Still blows my mind I can do all this from my 2021 MBP.
I'll try to do a post once I have the next steps working (helping with planning and editing videos with Davinci Resolve).
Great job. Long live the M1 Max!
Although knowing how good these local models are getting, I am now eyeing the upcoming M5 Ultra Mac Studio (256gigs perhaps). But knowing how crazy the market is, it might be a year before I get the chance to get my hands on it. If it even launches by WWDC.
Not gonna lie, llama.cpp had the fans spinning at max speed. But it worked and I got the job done.
This always confuses me - don't people want their computations to run as fast as possible and thus inevitably produce more heat that needs to be vented?
I suppose sometimes it is just an analogy for "its utilizing 100% of my resources" (which I'm guessing it is here), but I've definitely had people say it as an actual complaint in different contexts
I think fan loudness is an outgrowth of conspicuous consumption because a certain OEM decided to make it a marketing bullet-point.

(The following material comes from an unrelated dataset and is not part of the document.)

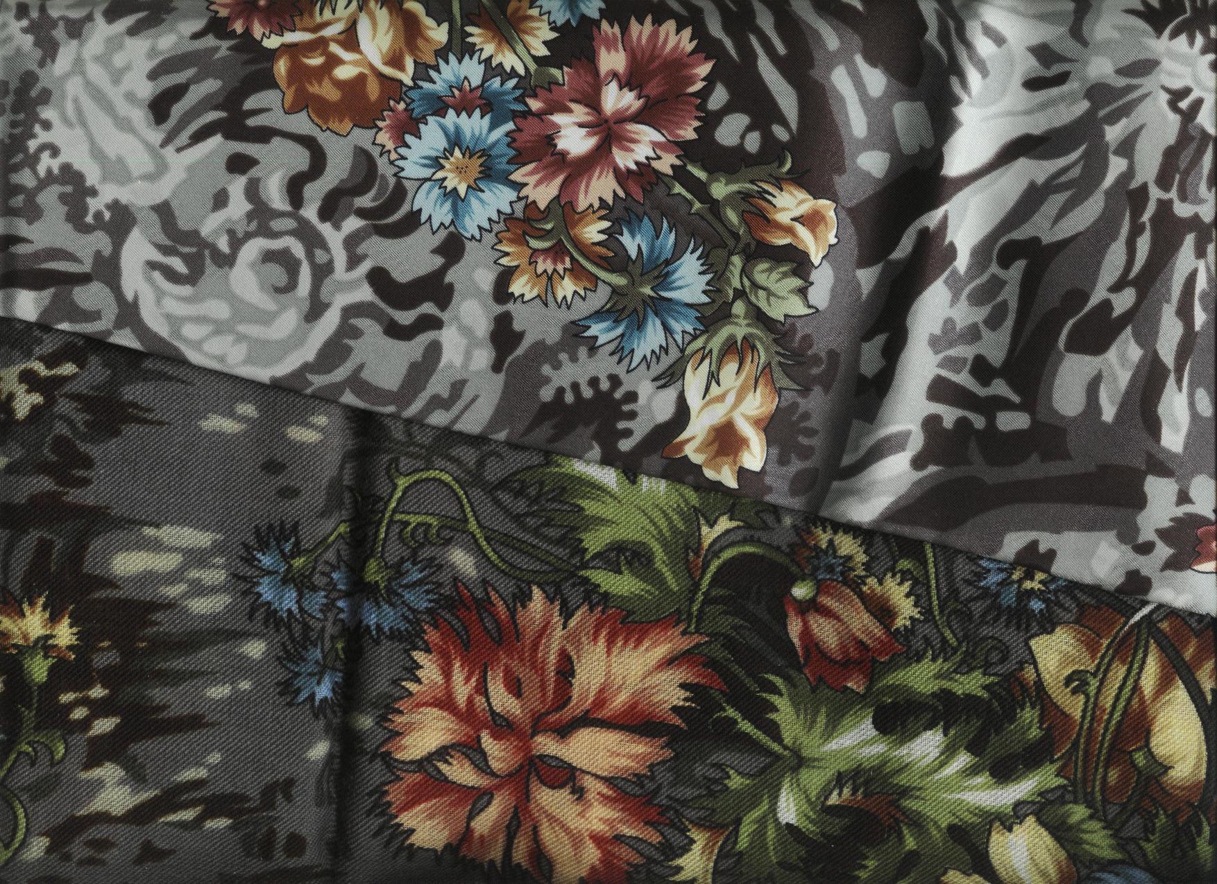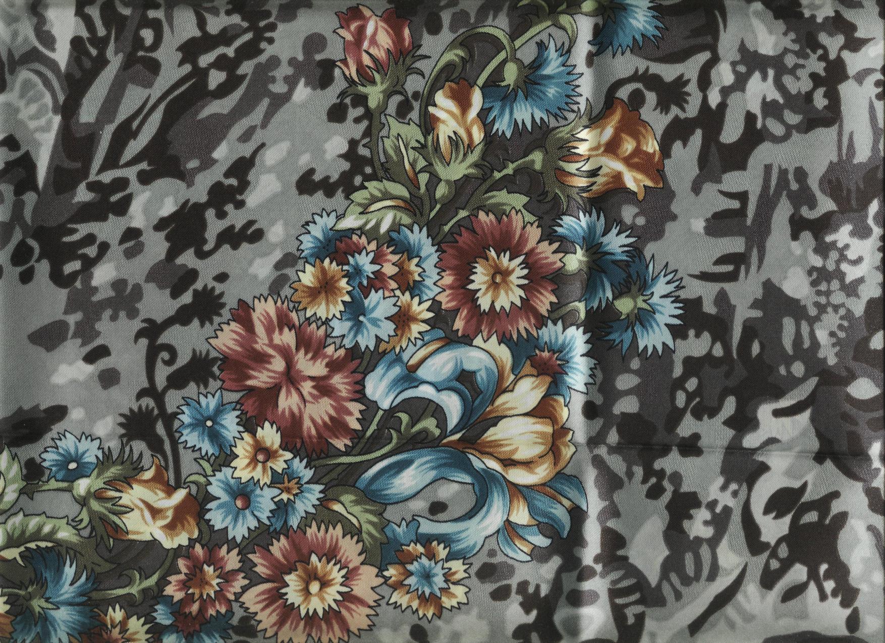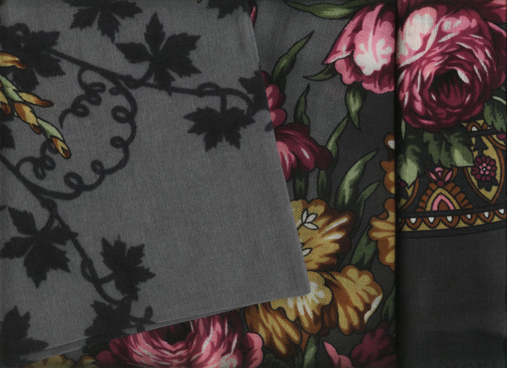 Коричневый колорит очень сдержанный, благородно-изысканный. Хорош для повседневного ношения с плащом или жакетом в весенне-осенний период. А серо-зеленый - изумительно красив. Ощущение, что цветы не В рисунке, а рассыпаны НА платке. Особенно усиливали этот эффект пронзительно (на мое восприятие) голубые васильки. Но, увы, всего не купишь, пришлось сделать выбор с пользу более подходящего к гардеробу платка.

I was equally disappointed by by people - especially device reviewers - banging on the drum that phones made of plastic "didn't feel premium", and we got phones with glass backs that have to be shoved into plastic cases (because plastic is the near-perfect material to protect fragile phones screens and innards)
I am pretty sure that the vast majority of Airbnb hosts would not agree with you.
> equals TripAdvisor crucifixion
I have no idea how the Airbnb hosts with fake listings survive, really.
But on the other hand, genuine videos do take time and slows down the process.
When your Claude wrote this post they might not have selected the right URL to share, unless your home folder is exposed. Care to share the skill files?
PS - I just put this together in the last few mins, removed my personal files and references. So it's not tested properly, please let me know if any issues.
It's still an early hack, but I have thousands of still images as well from my camera which I've not processed and I need to do the same analysis for those.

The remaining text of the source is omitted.